Would you reproduce each line below exactly, leaving every picture out?

***

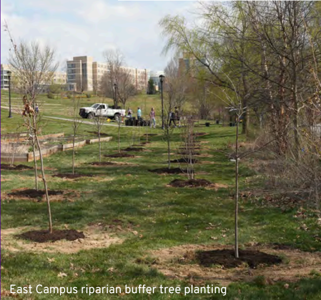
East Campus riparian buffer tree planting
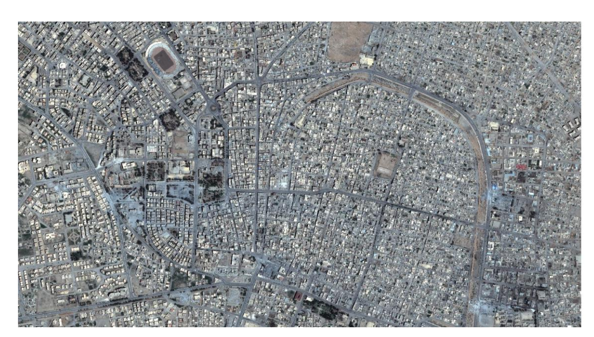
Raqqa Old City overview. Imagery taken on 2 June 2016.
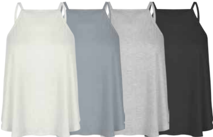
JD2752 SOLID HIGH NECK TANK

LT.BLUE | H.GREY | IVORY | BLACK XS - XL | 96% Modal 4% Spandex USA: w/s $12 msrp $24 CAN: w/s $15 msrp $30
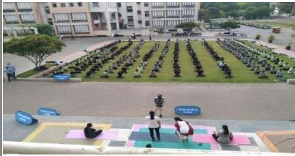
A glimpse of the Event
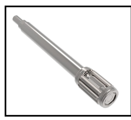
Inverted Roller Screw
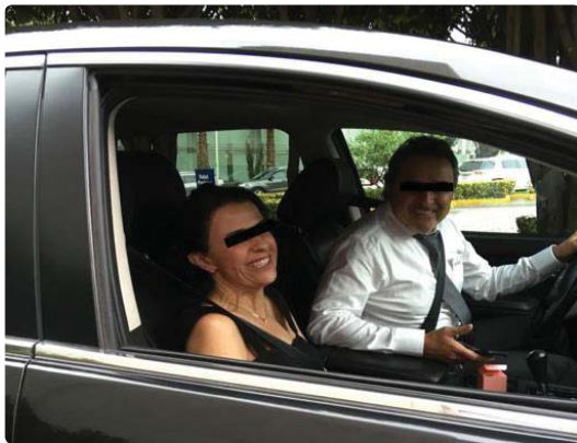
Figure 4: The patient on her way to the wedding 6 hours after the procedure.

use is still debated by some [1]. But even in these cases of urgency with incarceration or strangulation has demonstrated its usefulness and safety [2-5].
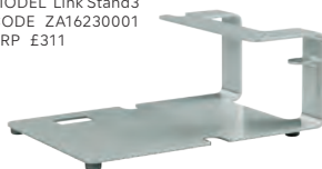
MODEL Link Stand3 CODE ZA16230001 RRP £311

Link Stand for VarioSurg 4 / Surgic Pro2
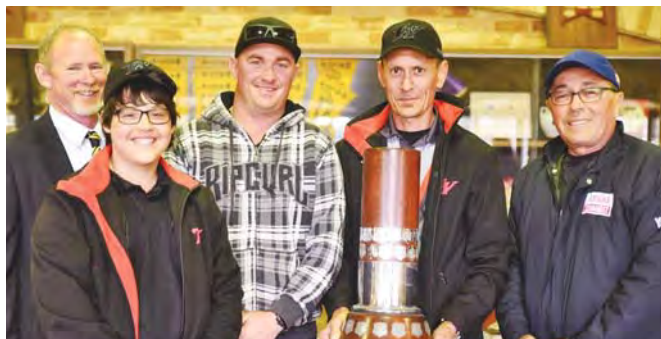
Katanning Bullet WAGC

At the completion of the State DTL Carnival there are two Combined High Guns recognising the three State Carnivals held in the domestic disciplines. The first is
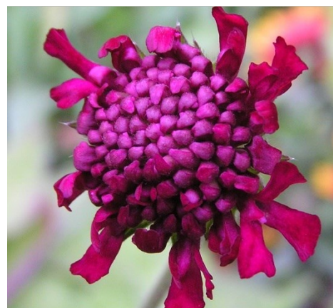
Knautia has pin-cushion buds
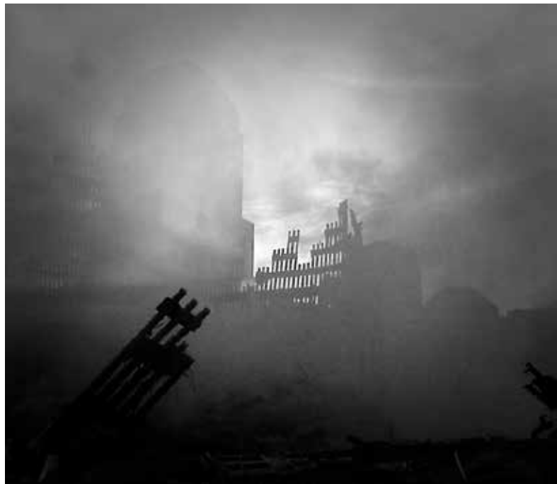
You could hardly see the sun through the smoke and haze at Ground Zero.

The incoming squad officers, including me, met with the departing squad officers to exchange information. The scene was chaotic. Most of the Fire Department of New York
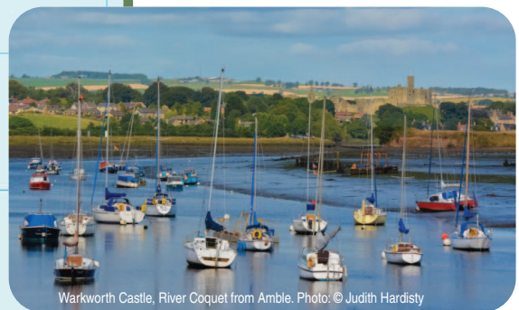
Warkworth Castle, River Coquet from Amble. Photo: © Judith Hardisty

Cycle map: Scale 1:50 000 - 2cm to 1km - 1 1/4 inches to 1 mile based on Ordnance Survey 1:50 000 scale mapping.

***

Your response:
East Campus riparian buffer tree planting
Raqqa Old City overview. Imagery taken on 2 June 2016.
JD2752 SOLID HIGH NECK TANK

LT.BLUE | H.GREY | IVORY | BLACK XS - XL | 96% Modal 4% Spandex USA: w/s $12 msrp $24 CAN: w/s $15 msrp $30
A glimpse of the Event
Inverted Roller Screw
Figure 4: The patient on her way to the wedding 6 hours after the procedure.

use is still debated by some [1]. But even in these cases of urgency with incarceration or strangulation has demonstrated its usefulness and safety [2-5].
MODEL Link Stand3 CODE ZA16230001 RRP £311

Link Stand for VarioSurg 4 / Surgic Pro2
Katanning Bullet WAGC

At the completion of the State DTL Carnival there are two Combined High Guns recognising the three State Carnivals held in the domestic disciplines. The first is
Knautia has pin-cushion buds
You could hardly see the sun through the smoke and haze at Ground Zero.

The incoming squad officers, including me, met with the departing squad officers to exchange information. The scene was chaotic. Most of the Fire Department of New York
Warkworth Castle, River Coquet from Amble. Photo: © Judith Hardisty

Cycle map: Scale 1:50 000 - 2cm to 1km - 1 1/4 inches to 1 mile based on Ordnance Survey 1:50 000 scale mapping.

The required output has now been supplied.